Race details
- Date: 13 February 2011
- Official name: LVI New Zealand Grand Prix
- Location: Manfeild Autocourse, Feilding, New Zealand
- Course: Permanent racing facility
- Course length: 3.033 km (1.885 miles)
- Distance: 35 laps, 106.16 km (65.96 miles)
- Weather: Fine

Pole position
- Driver: Mitch Evans; / Giles Motorsport
- Time: 1:04.141

Fastest lap
- Driver: Mitch Evans / Giles Motorsport
- Time: 1:04.509 on lap 31

Podium
- First: Mitch Evans; / Giles Motorsport
- Second: Daniil Kvyat; / Victory Motor Racing
- Third: Scott Pye; / ETEC Motorsport

= 2011 New Zealand Grand Prix =

The 2011 New Zealand Grand Prix event for open wheel racing cars was held at Manfeild Autocourse near Feilding on 13 February 2011. It was the fifty-sixth New Zealand Grand Prix and was open to Toyota Racing Series cars. The event was also the third race of the fourth round of the 2011 Toyota Racing Series.

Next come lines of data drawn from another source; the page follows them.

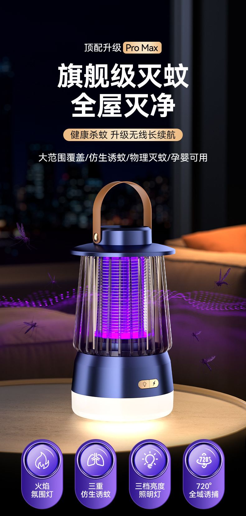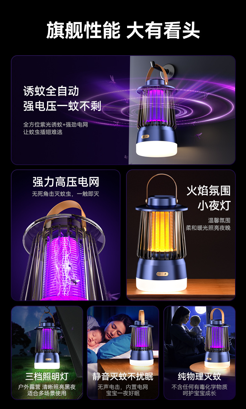 캠핑 불꽃 모기 램프 보라색 빛 모기 트랩 전기 충격 야외 충전식 홈 조명 모기 구충제 램프 모기 구충제 선물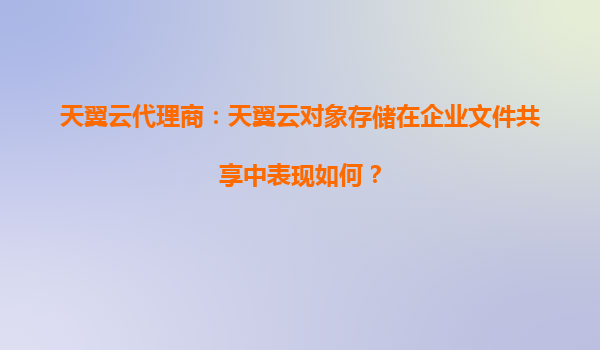 2025-10-11天翼云代理商:天翼云對象存儲在企業文件共享中表現如何? 一、天翼云對象存儲的核心優勢 天翼云對象存儲(OOS)是中國電信旗下天翼云提供的海量、安全、高可靠的云存儲服務,尤其適合企業文件共...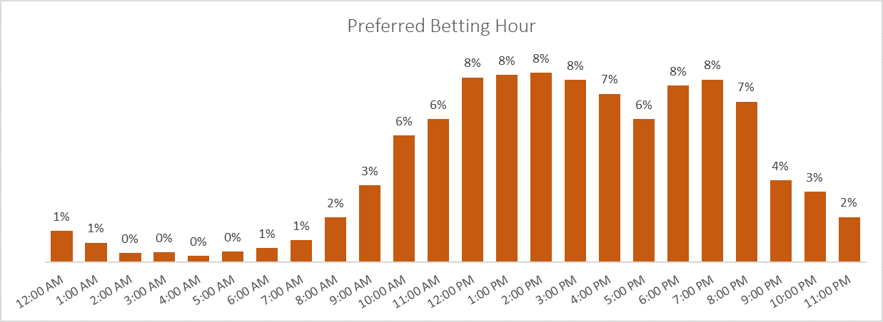 Ao descobrir a distribuição do horário preferido, verificamos que é quase unificado entre as 10h e as 20h – (é aquele velho gráfico em forma de baleia que provavelmente conhece de testes semelhantes). Neste caso, qual é o momento certo para comunicar com estes apostadores?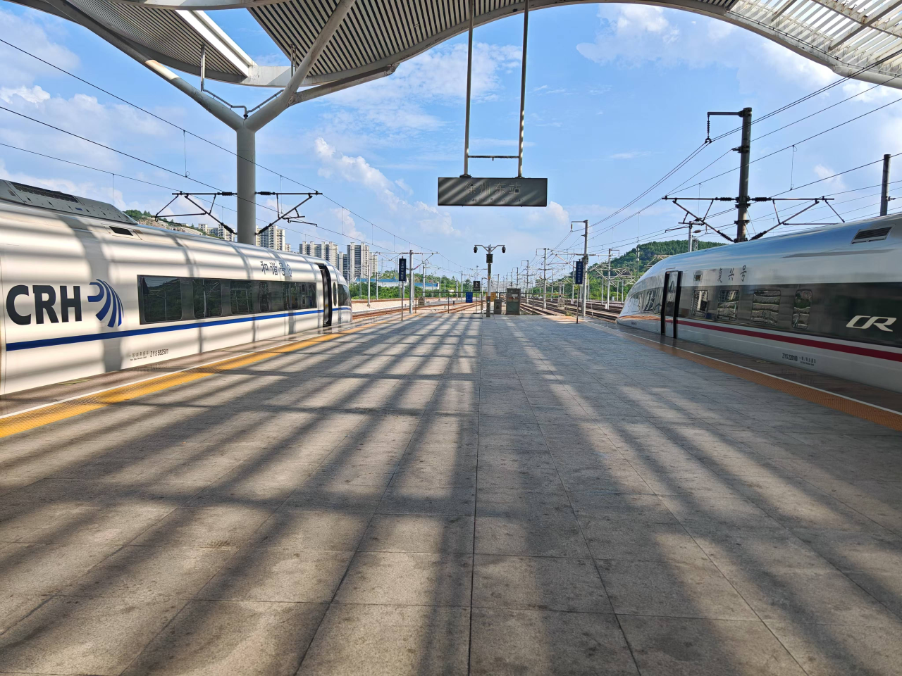 和谐号与复兴号列车在徐州东站相遇。

Sixteen Tatuus-Toyota cars started the race which was won by 16-year-old New Zealander Mitch Evans who became the youngest ever winner of the New Zealand Grand Prix and who is believed to have become the youngest driver to win an international grand prix anywhere in the world. The Giles Motorsport driver won by three seconds from another 16-year-old competitor, Russian Daniil Kvyat, of Victory Motor Racing. Australian ETEC Motorsport driver Scott Pye was third.

Evans started from pole position alongside Nick Cassidy and won the drag race to the first corner. Evans, Cassidy, Kvyat and Pye quickly built a gap on the field.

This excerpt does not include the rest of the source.